Lembre-se que a possibilidade de estar preso em um congestionamento é muito grande. As normas internacionais são claras: tiros em um mesmo local podem transfixar. Assim, quanto maior for à espessura do vidro maior é o grau de proteção. É muito importante que o veículo esteja sempre em movimento para que não haja reincidência de tiros nos pontos já alvejados. É impossível saber que tipo de armamento e munição os meliantes estarão utilizando. Assim, é indicado contar com o grau de proteção maior, devido ao crescente nível de armamento.

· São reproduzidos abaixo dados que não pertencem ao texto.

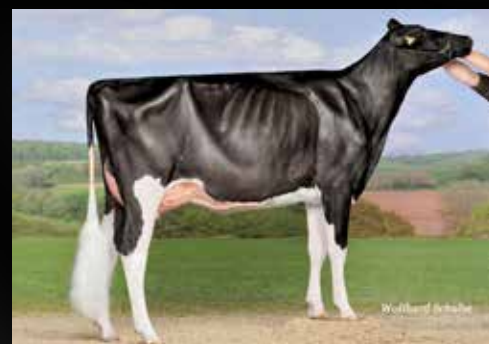
AGH Lila EX-93-IT (2e Mère)

Um caso real, muito difundido nos meios de comunicação, foi o da tentativa de seqüestro dos filhos do empresário Paulo Leman. Houve vários tiros concentrados, pois o veículo ficou completamente parado na abordagem dos meliantes. O nível de proteção era NIJ II, que ao ser alvejado com tiros concentrados no mesmo local, transfixou e atingiu o motorista no braço. O tiro poderia ter sido fatal e de nada adiantaria a proteção. O motorista deveria ter-se evadido do local antes dos disparos dos tiros concentrados. Exemplificando outra situação, notoriamente divulgada foi a do prefeito da cidade de Santo André. O mau uso do veículo blindado ficou evidente. Se tomadas as devidas precauções, o prefeito estaria vivo, uma vez que o veículo era bem protegido para a proporção do crime. Com o aumento constante das abordagens cotidianas, para roubos, furtos e sequestros, é de suma importância que os usuários saibam até que nível de armamento seu carro suporta, bem como, terem noção de direção evasiva e defensiva. Vale frisar que mais de 80% dos crimes ocorrem porque as vítimas estão desatentas ou distraídas. A ocasião faz o ladrão!

Marcelo Carneiro - Diretor-geral da Central Brasileira de Blindados e Segurança - Consultor de Segurança com especialização em Proteção Balística e Telecomunicações.